=== TASK TO CARRY OUT ===
Please return the data that follows precisely as written, but without the images.

=== RECORDED DATA ===

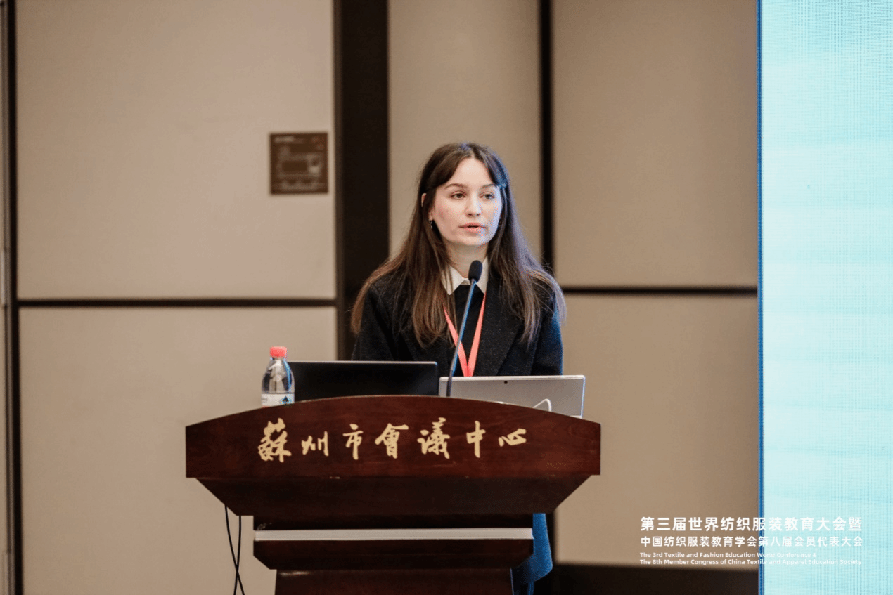 在职教分会第一阶段,老挝琅南塔省教育体育厅副厅长铜宋·安平宋、罗马尼亚时尚委员会主席安卡·巴兰、巴基斯坦伊斯兰共和国旁遮普省技术教育和职业培训局技术总监艾扎兹·海德尔、韩国国立昌原大学教授金世真、意大利佛罗伦萨自由美术学院时尚设计师朱莉亚·切尔沃尼等国际专家走上讲台,分别做了题为“中老职业教育合作与发展”“中国—罗马尼亚,75年的合作,大学与政府共同努力发展纺织工业”“巴基斯坦技术教育与职业培训”“数字传媒和服装设计教育” “新一代消费群体的时尚选择”的报告。
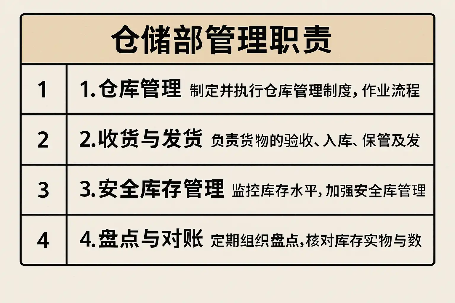 仓储部作为企业物流链中枢,其管理职责涵盖了物资从入库到出库全过程。主要包括以下五大方面:
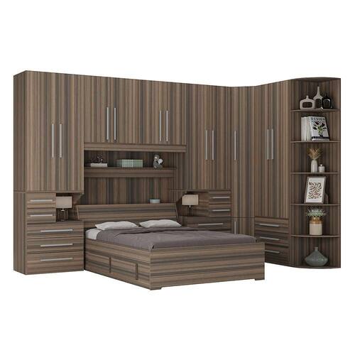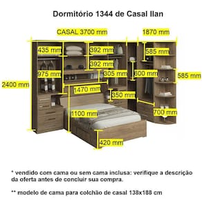 Dormitório Queen Size Sem Cama 1344s San Remo * Colchão e itens de decoração não estão inclusos. Imagens meramente ilustrativas. Dormitório de casal sem cama, versão mais completa. O dormitório é na verdade um conjunto de módulos. Você pode mudar a composição trocando ou adicionando módulos conforme seu gosto e seu espaço. 02 Guarda-roupas de 2 portas e 5 gavetas com mesa de cabeceira embutida modelo 1224; 01 Maleiro de casal Queen Size 4 portas modelo 1226; 01 Armário de Canto Sextavado modelo 1231; 01 Guarda-roupa de 2 portas e 3 gavetas modelo 1228; 01 Cantoneira com 6 prateleiras curvas modelo 1322; Puxadores 256mm. DIMENSÕES DO PRODUTO MONTADO - ALTURA 240 CM; - LARGURA 390 CM x 187 CM - PROFUNDIDADE 51CM NOS ARMÁRIOS E 187 CM NA PAREDE (CONSIDERAR O COMPRIMENTO DA SUA CAMA) Vão livre de 146cm de comprimento por 110cm de altura abaixo do maleiro. Para compras de dormitórios sem a cama inclusa lembre-se sempre de verificar se a cabeceira da sua cama cabe neste espaço. Atenção: Não nos responsabilizamos, no ato da entrega, por desmontagens, subir escadas/elevadores ou transporte por guincho para apartamentos. Eventuais despesas são de responsabilidade do cliente. Confira as dimensões deste produto e certifique-se de que o mesmo passará normalmente por supostos elevadores, portas, escadas e/ou corredores de sua moradia.
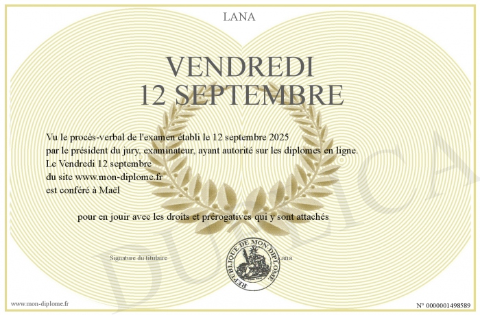 Envoyez par email votre Vendredi 12 septembre personalisé

=== SOLVED PROBLEM ===
 在职教分会第一阶段,老挝琅南塔省教育体育厅副厅长铜宋·安平宋、罗马尼亚时尚委员会主席安卡·巴兰、巴基斯坦伊斯兰共和国旁遮普省技术教育和职业培训局技术总监艾扎兹·海德尔、韩国国立昌原大学教授金世真、意大利佛罗伦萨自由美术学院时尚设计师朱莉亚·切尔沃尼等国际专家走上讲台,分别做了题为“中老职业教育合作与发展”“中国—罗马尼亚,75年的合作,大学与政府共同努力发展纺织工业”“巴基斯坦技术教育与职业培训”“数字传媒和服装设计教育” “新一代消费群体的时尚选择”的报告。
 仓储部作为企业物流链中枢,其管理职责涵盖了物资从入库到出库全过程。主要包括以下五大方面:
 Dormitório Queen Size Sem Cama 1344s San Remo * Colchão e itens de decoração não estão inclusos. Imagens meramente ilustrativas. Dormitório de casal sem cama, versão mais completa. O dormitório é na verdade um conjunto de módulos. Você pode mudar a composição trocando ou adicionando módulos conforme seu gosto e seu espaço. 02 Guarda-roupas de 2 portas e 5 gavetas com mesa de cabeceira embutida modelo 1224; 01 Maleiro de casal Queen Size 4 portas modelo 1226; 01 Armário de Canto Sextavado modelo 1231; 01 Guarda-roupa de 2 portas e 3 gavetas modelo 1228; 01 Cantoneira com 6 prateleiras curvas modelo 1322; Puxadores 256mm. DIMENSÕES DO PRODUTO MONTADO - ALTURA 240 CM; - LARGURA 390 CM x 187 CM - PROFUNDIDADE 51CM NOS ARMÁRIOS E 187 CM NA PAREDE (CONSIDERAR O COMPRIMENTO DA SUA CAMA) Vão livre de 146cm de comprimento por 110cm de altura abaixo do maleiro. Para compras de dormitórios sem a cama inclusa lembre-se sempre de verificar se a cabeceira da sua cama cabe neste espaço. Atenção: Não nos responsabilizamos, no ato da entrega, por desmontagens, subir escadas/elevadores ou transporte por guincho para apartamentos. Eventuais despesas são de responsabilidade do cliente. Confira as dimensões deste produto e certifique-se de que o mesmo passará normalmente por supostos elevadores, portas, escadas e/ou corredores de sua moradia.
 Envoyez par email votre Vendredi 12 septembre personalisé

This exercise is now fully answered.